Task instructions
Transcribe the listing below exactly, without pictures.

Supplied information
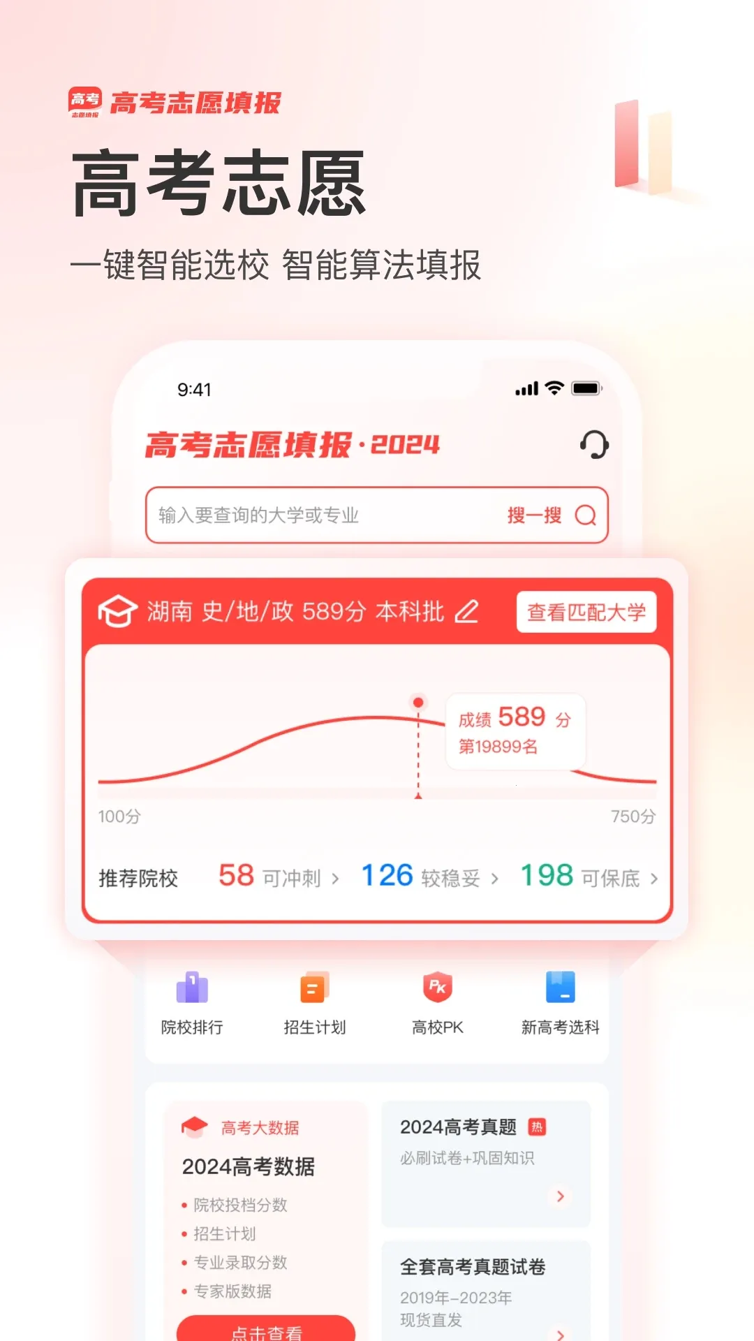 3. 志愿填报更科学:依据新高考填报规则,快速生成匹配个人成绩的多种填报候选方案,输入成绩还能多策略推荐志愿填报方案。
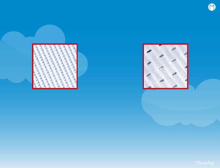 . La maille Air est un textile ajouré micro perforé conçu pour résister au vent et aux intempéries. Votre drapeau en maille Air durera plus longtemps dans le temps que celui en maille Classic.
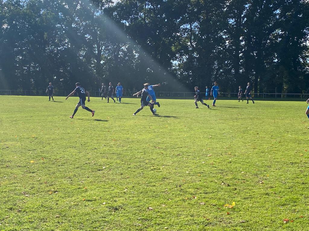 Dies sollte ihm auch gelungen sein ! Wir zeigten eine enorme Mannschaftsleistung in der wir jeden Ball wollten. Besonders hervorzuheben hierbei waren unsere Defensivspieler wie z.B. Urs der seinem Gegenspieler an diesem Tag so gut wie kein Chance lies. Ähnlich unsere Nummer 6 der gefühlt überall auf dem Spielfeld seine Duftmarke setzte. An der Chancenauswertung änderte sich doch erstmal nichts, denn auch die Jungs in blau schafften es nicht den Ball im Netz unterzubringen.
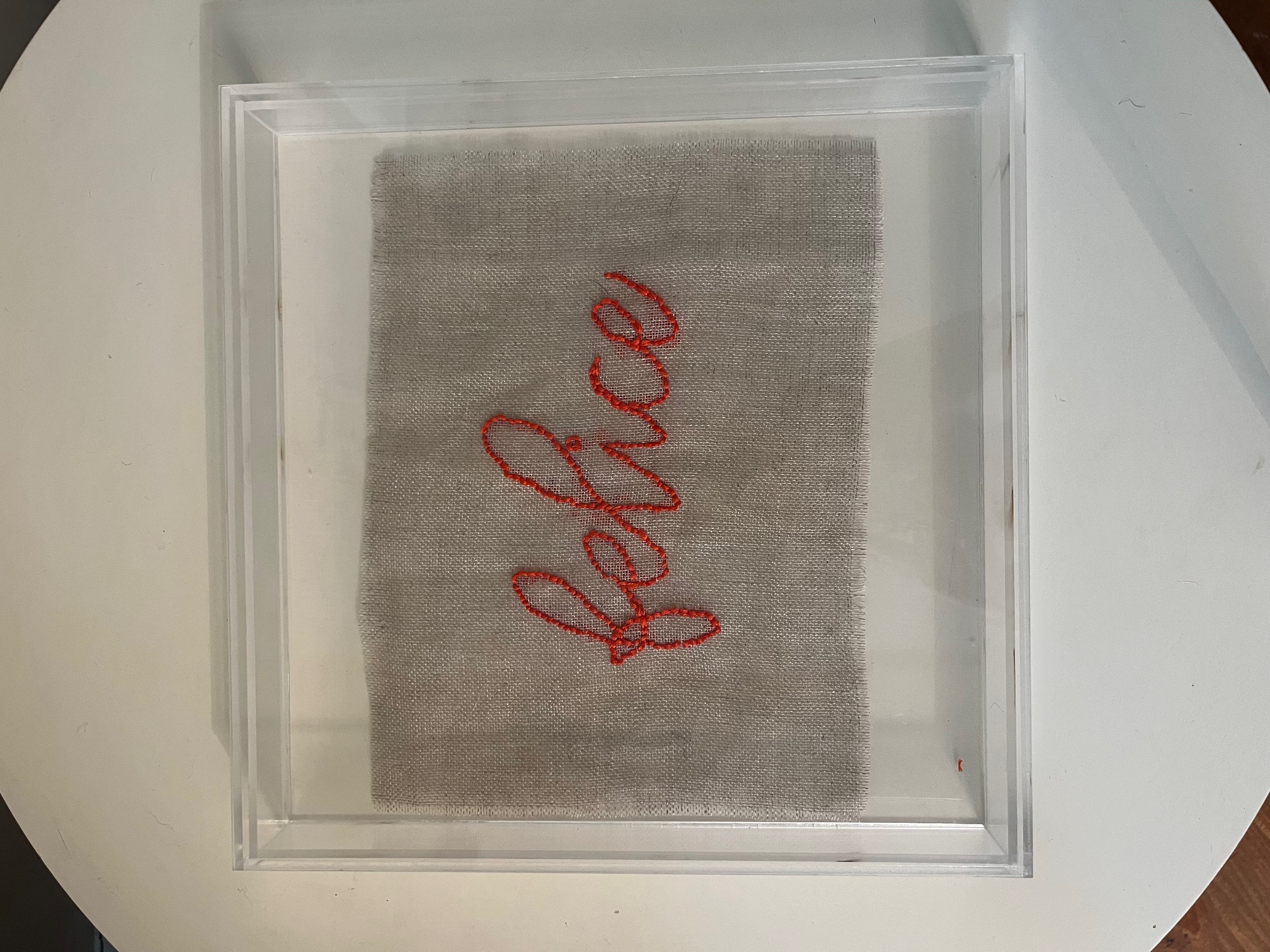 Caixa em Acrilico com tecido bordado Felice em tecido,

Response box
 3. 志愿填报更科学:依据新高考填报规则,快速生成匹配个人成绩的多种填报候选方案,输入成绩还能多策略推荐志愿填报方案。
 . La maille Air est un textile ajouré micro perforé conçu pour résister au vent et aux intempéries. Votre drapeau en maille Air durera plus longtemps dans le temps que celui en maille Classic.
 Dies sollte ihm auch gelungen sein ! Wir zeigten eine enorme Mannschaftsleistung in der wir jeden Ball wollten. Besonders hervorzuheben hierbei waren unsere Defensivspieler wie z.B. Urs der seinem Gegenspieler an diesem Tag so gut wie kein Chance lies. Ähnlich unsere Nummer 6 der gefühlt überall auf dem Spielfeld seine Duftmarke setzte. An der Chancenauswertung änderte sich doch erstmal nichts, denn auch die Jungs in blau schafften es nicht den Ball im Netz unterzubringen.
 Caixa em Acrilico com tecido bordado Felice em tecido,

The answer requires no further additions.